Top of DATA SUPPLIED
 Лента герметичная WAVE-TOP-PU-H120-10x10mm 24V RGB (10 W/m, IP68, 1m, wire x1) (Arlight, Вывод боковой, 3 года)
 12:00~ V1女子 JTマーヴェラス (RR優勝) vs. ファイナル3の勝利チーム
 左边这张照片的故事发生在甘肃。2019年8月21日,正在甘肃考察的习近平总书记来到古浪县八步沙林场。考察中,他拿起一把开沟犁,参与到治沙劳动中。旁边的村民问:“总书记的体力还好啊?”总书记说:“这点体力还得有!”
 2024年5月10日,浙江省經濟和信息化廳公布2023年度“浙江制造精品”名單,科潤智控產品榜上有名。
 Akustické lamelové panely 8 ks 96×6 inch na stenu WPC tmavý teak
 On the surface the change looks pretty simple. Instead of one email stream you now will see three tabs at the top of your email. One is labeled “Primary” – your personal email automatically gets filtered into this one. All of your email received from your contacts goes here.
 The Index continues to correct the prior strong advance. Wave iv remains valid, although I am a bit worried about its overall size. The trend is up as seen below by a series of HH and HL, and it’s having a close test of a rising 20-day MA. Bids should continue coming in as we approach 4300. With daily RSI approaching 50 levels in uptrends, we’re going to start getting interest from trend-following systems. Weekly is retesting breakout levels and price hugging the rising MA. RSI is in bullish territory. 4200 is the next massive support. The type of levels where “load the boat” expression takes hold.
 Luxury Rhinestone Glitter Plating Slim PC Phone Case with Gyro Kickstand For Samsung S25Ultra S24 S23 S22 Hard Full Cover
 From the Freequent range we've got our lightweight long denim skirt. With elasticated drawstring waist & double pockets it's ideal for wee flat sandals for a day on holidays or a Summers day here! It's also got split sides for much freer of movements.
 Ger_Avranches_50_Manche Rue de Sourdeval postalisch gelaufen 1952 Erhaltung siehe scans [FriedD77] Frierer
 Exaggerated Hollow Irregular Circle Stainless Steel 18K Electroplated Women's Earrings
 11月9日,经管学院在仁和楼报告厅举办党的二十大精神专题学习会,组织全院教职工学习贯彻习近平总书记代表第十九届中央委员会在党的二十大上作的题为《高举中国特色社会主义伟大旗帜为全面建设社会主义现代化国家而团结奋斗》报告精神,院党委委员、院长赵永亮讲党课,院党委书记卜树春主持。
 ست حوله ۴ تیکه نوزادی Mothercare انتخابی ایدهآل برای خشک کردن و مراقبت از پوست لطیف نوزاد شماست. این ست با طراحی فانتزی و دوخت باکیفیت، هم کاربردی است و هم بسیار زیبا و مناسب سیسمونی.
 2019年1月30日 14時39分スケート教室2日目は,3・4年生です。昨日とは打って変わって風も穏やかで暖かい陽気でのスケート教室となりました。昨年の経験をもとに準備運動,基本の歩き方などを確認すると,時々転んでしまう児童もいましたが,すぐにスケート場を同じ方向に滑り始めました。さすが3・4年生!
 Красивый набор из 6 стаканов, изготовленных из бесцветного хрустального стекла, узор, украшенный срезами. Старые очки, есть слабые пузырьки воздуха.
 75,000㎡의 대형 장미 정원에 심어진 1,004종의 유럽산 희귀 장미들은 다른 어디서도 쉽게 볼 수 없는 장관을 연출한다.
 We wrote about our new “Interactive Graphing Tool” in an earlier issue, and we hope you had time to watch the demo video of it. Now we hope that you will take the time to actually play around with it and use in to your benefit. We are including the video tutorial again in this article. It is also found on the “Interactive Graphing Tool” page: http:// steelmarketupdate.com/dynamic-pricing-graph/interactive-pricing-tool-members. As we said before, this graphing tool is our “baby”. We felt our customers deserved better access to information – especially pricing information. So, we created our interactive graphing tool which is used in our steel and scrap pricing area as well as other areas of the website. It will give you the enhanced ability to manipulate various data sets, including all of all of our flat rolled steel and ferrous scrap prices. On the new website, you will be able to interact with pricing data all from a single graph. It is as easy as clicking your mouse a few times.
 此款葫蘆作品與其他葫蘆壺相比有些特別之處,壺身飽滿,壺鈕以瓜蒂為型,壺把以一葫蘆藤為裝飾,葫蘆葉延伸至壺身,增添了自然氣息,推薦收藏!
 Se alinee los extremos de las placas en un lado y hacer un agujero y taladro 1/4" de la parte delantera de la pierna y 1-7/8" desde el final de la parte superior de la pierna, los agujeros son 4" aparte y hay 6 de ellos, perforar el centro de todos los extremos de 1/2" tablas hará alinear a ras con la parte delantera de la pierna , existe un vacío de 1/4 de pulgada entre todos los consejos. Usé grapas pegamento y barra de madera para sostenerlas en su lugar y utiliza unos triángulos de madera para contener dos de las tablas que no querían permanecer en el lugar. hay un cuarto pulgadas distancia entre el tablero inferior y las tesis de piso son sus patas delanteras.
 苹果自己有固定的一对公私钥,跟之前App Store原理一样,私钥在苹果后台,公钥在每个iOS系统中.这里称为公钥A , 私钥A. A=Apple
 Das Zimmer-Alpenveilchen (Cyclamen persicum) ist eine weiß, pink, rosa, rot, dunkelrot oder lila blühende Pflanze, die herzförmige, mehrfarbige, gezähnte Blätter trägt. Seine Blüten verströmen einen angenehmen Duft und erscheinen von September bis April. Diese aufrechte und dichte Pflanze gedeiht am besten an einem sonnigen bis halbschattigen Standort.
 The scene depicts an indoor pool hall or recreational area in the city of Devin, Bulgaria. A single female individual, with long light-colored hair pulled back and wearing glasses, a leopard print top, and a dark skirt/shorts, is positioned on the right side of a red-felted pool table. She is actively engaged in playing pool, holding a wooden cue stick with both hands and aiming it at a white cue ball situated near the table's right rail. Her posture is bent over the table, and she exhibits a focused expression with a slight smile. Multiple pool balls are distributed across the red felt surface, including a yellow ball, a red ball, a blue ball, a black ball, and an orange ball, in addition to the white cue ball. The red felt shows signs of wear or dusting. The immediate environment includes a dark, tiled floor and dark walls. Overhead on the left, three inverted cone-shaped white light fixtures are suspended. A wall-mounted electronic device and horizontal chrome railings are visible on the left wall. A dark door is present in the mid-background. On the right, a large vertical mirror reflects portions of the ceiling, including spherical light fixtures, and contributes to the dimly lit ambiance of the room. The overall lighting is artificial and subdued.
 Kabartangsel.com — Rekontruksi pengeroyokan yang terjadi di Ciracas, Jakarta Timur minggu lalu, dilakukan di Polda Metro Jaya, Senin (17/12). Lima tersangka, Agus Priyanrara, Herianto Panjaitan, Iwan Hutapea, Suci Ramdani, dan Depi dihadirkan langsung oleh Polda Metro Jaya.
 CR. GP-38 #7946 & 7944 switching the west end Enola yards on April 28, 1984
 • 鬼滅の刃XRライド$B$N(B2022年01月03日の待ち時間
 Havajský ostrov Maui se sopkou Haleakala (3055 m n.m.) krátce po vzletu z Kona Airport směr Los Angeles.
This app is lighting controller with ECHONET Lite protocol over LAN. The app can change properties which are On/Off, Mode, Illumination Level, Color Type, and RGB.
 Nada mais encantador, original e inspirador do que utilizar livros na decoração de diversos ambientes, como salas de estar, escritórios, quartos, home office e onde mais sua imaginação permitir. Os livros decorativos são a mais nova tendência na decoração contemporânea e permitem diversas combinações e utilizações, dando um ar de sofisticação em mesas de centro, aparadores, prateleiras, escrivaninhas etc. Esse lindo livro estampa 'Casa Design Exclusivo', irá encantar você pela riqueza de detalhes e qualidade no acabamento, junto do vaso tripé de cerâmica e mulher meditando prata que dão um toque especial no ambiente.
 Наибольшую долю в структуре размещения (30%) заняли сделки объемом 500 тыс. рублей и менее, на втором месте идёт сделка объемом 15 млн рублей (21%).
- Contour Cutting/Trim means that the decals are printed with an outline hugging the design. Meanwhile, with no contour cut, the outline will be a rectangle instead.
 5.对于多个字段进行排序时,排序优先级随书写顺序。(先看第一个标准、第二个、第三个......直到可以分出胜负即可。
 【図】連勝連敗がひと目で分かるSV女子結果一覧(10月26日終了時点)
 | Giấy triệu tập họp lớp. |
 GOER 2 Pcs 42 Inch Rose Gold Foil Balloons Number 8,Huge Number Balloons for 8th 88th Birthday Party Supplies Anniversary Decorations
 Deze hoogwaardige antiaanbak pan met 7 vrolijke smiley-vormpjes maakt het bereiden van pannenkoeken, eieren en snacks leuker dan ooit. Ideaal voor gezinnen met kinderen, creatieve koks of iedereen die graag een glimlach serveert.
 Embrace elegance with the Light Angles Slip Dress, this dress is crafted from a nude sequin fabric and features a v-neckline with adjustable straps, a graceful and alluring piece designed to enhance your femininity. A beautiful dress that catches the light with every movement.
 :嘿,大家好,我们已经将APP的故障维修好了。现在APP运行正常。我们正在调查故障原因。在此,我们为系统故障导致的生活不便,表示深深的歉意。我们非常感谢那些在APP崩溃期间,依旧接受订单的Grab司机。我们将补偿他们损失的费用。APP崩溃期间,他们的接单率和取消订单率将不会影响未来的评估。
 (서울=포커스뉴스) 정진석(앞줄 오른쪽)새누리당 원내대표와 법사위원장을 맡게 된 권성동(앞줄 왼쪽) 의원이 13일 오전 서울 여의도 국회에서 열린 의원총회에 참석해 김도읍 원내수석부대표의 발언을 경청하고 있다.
Bottom of DATA SUPPLIED
• **WHAT THE EXERCISE ASKS**: Set down exactly the lines above that run from the start of the listing to the line with "From the Freequent". Leave out every later line.

• **ANSWER BOX**:
 Лента герметичная WAVE-TOP-PU-H120-10x10mm 24V RGB (10 W/m, IP68, 1m, wire x1) (Arlight, Вывод боковой, 3 года)
 12:00~ V1女子 JTマーヴェラス (RR優勝) vs. ファイナル3の勝利チーム
 左边这张照片的故事发生在甘肃。2019年8月21日,正在甘肃考察的习近平总书记来到古浪县八步沙林场。考察中,他拿起一把开沟犁,参与到治沙劳动中。旁边的村民问:“总书记的体力还好啊?”总书记说:“这点体力还得有!”
 2024年5月10日,浙江省經濟和信息化廳公布2023年度“浙江制造精品”名單,科潤智控產品榜上有名。
 Akustické lamelové panely 8 ks 96×6 inch na stenu WPC tmavý teak
 On the surface the change looks pretty simple. Instead of one email stream you now will see three tabs at the top of your email. One is labeled “Primary” – your personal email automatically gets filtered into this one. All of your email received from your contacts goes here.
 The Index continues to correct the prior strong advance. Wave iv remains valid, although I am a bit worried about its overall size. The trend is up as seen below by a series of HH and HL, and it’s having a close test of a rising 20-day MA. Bids should continue coming in as we approach 4300. With daily RSI approaching 50 levels in uptrends, we’re going to start getting interest from trend-following systems. Weekly is retesting breakout levels and price hugging the rising MA. RSI is in bullish territory. 4200 is the next massive support. The type of levels where “load the boat” expression takes hold.
 Luxury Rhinestone Glitter Plating Slim PC Phone Case with Gyro Kickstand For Samsung S25Ultra S24 S23 S22 Hard Full Cover
 From the Freequent range we've got our lightweight long denim skirt. With elasticated drawstring waist & double pockets it's ideal for wee flat sandals for a day on holidays or a Summers day here! It's also got split sides for much freer of movements.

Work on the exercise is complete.